You have to start thinking of Agile as a solution to a business need. What could we do better if we were able to do it? What are the business goals? What are the measurements we want to see move? What innovation do we want to accomplish? That changes the conversation. It gets everyone in the company excited. It starts to change the thought process of what can be done. Agile is then intended as a set of practices that accomplish that.

How to get there is often confused. The individuals in the trenches doing the work often have pent-up frustration because their friends at startups can do all this cool work and they're stuck with old systems and old technologies and old applications. They'd love to break out of this box, and they hear that kind of message from the CEO. “Yeah, I'm going to go and be rebellious and do whatever.” But, of course, that is a recipe for just pure chaos.
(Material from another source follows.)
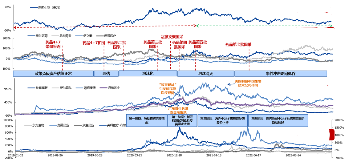 2018年以来新冠疫情影响回顾 & 医药生物板块及相关代表公司涨跌幅走势
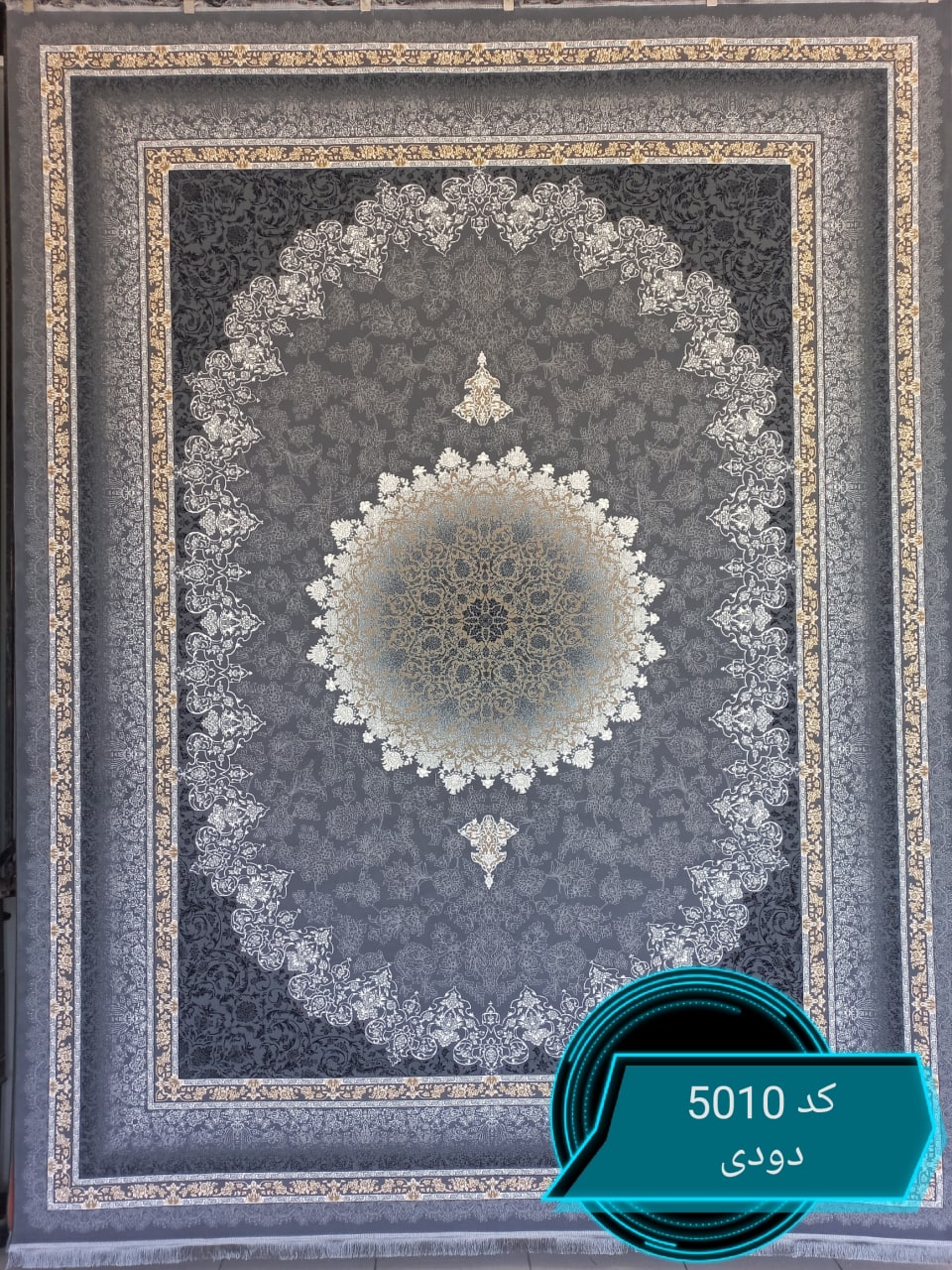 فرش ماشینی کاشان 700 شانه کد5010زمینه دودی

So the middle management is stuck being the bad folks. And this is what we often call the frozen-middle problem: What does it mean for a middle manager to be successful if the goal is innovation and ability to change? That success criteria for the middle manager is no longer about a fixed deliverable. It's about business goals at some finer-grain level than just increased profits. To give autonomy at the business level further down the chain and let people innovate within that business constraint is the new thing.

Pat: The balance of Edward's point is that accountability to achieve value or to learn. It's safe to fail if you didn't achieve the value you expected but you learned more by doing it and then you adapt. It's that autonomy plus accountability for learning and delivering with real value.

What is new that would allow us to reconcile fast change with the mindset and the change management approach we were talking about?

Sam-Sak Som: We have some cloud platforms that are more flexible, more Agile. My current work is to implement cloud platform solutions that cover finance, HR and planning. We can share much more data that is actionable and provide insights.

 

 

You need to instill that continuous change, fostering creativity and ideas.

 

How do I know I'm ready to actually start an Agile mindset?

Franck: First, you must have a very clear definition of where you want to be. “Five years down the road, we are going to deliver the best experience ever for the customer.”

Then depending on the objective, you need to break it down into small pieces. Because, once again, the complexity of transforming touches levels within an organization. Start small based on the objective you set, and see and measure the result.

And it won’t be 100-percent success. But at least learn from it. Plan, do, check, act. As soon as you have acted, restart planning and doing. You need to instill that continuous change, fostering creativity and ideas.